**SUPPLIED MATERIAL**
______________________________
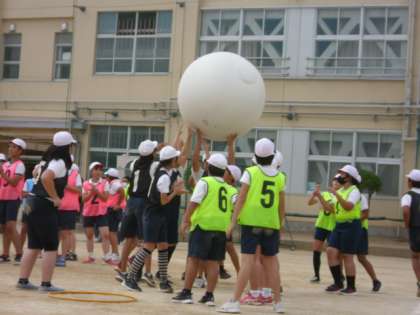 写真は6年生の『大玉ころがし・送り』のようすです。
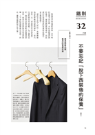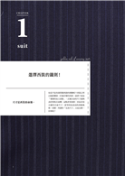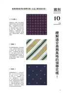 ◎ 十大單元,從西裝、襯衫、領帶、配色、花紋&材質、夏季涼感穿搭、冬季防寒穿搭、配件挑選、重複穿搭、衣飾保養,作者一一指明藏在西裝服飾裡的細節,讓各種體型的男士都能穿出一身「西裝筆挺」。
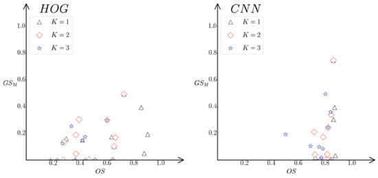 Figure 5a,b list all the top k points for the HOG and CNN autoencoder in the proposed SE-Plane, respectively, for the objects in Figure 3a,b. In Figure 5, the values of X-coordinate present the top 1, top 2, and top 3 objects similarity for , and those of Y-coordinate present the average grasping similarity between the selected top objects for . Figure 5c,d list all the top points for the HOG and CNN autoencoder.
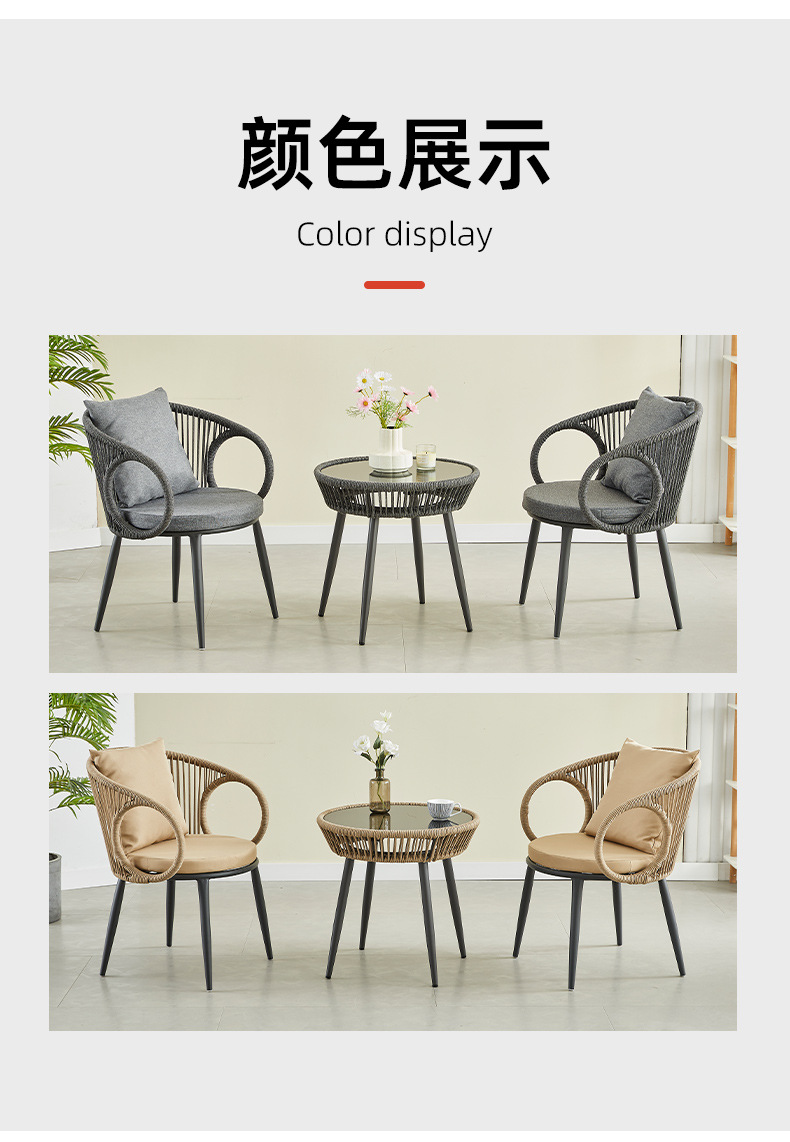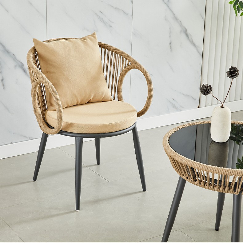 공장 도매 야외 등나무 의자 레저 발코니 호텔 B&B 안뜰 테라스 외부 식탁과 의자 등받이 등나무 의자
______________________________
Print the full listing above again with exact wording and no images.

 写真は6年生の『大玉ころがし・送り』のようすです。
 ◎ 十大單元,從西裝、襯衫、領帶、配色、花紋&材質、夏季涼感穿搭、冬季防寒穿搭、配件挑選、重複穿搭、衣飾保養,作者一一指明藏在西裝服飾裡的細節,讓各種體型的男士都能穿出一身「西裝筆挺」。
 Figure 5a,b list all the top k points for the HOG and CNN autoencoder in the proposed SE-Plane, respectively, for the objects in Figure 3a,b. In Figure 5, the values of X-coordinate present the top 1, top 2, and top 3 objects similarity for , and those of Y-coordinate present the average grasping similarity between the selected top objects for . Figure 5c,d list all the top points for the HOG and CNN autoencoder.
 공장 도매 야외 등나무 의자 레저 발코니 호텔 B&B 안뜰 테라스 외부 식탁과 의자 등받이 등나무 의자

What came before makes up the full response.